# Probabilistic Machine Learning

By: Chengyi (Jeff) Chen

---
## Introduction

The purpose of these sets of notes is to connect ideas crossing the realms of frequentist, bayesian, probabilistic machine learning vernacular. I'm in no way an expert of the philosophical and practical differences between the the frequentist vs. bayesian perspective nor am I close to being good at mathematics -- here's just what I've gathered from my readings, subject to my own interpretation. Throughout, I'll be drawing ideas from computer programming as well. Starting from first principles, we ask: "What are we even trying to do in machine learning?" Before we distinguish between supervised, unsupervised, semi-supervised learning, here's the general ML setting:

Given: A matrix of observed training data $\mathbf{X}_{\text{train}} = \{ \mathbf{x}_1, \mathbf{x}_2, \mathbf{x}_3, \ldots \mathbf{x}_N \}$ as independent samples generated from a true data distribution $f(\mathcal{X})$, where $\mathbf{x} \in \mathcal{X}$ (the set of observed data values).

Objective: Learn a probabilistic model $p(\mathcal{X}, \mathcal{Z} ; \Theta = \theta)$ from $\mathbf{X}_{\text{train}}$ to approximate $f(\mathcal{X})$, where $\mathbf{z} \in \mathcal{Z}$ are a set of latent / unobserved random variables, as we make no assumptions on whether the observable dataset contains all information about the system.
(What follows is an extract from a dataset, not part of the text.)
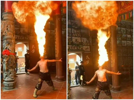Trending News: हम आए दिन सोशल मीडिया पर हैरतअंगेज करतब करने वाले लोगों को देखते ही रहते हैं. जिसे देख यूजर्स अपना दिल थाम लेते हैं. दिल की धड़कने बढ़ा देने वाले ऐसे वीडियो रोमांच से भरे होने के कारण सभी के पसंदीदा होते हैं. ऐसे में अगर आपको किसी ड्रैगन की तरह कोई अपने मुंह से आग निकालते दिख जाए तो हैरानी होना लाजमी है.

This probabilistic model is often called the **complete data likelihood**. $p(\mathcal{X} ; \Theta = \theta) = \int_{\mathbf{z} \in \mathcal{Z}} p(\mathcal{X}, \mathcal{Z} = \mathbf{z}; \Theta = \theta) d\mathbf{z}$ is then called the **incomplete data likelihood** / **evidence** / **marginal likelihood** (because we marginalized out $\mathcal{Z}$ to keep only $\mathcal{X}$. $\Theta = \theta$ are fixed parameters ("$;$" is used instead of "$\vert$" in the conditioning of $\theta$ to indicate that it is a "frequentist" fixed parameter and not a "bayesian" random variable). Furthermore, it's called a likelihood function because it is a function over the $\theta = \Theta$, the thing we're conditioning on, instead of $\mathcal{X}$ (fixed because its the data provided) and $\mathcal{Z}$ (unobserved). 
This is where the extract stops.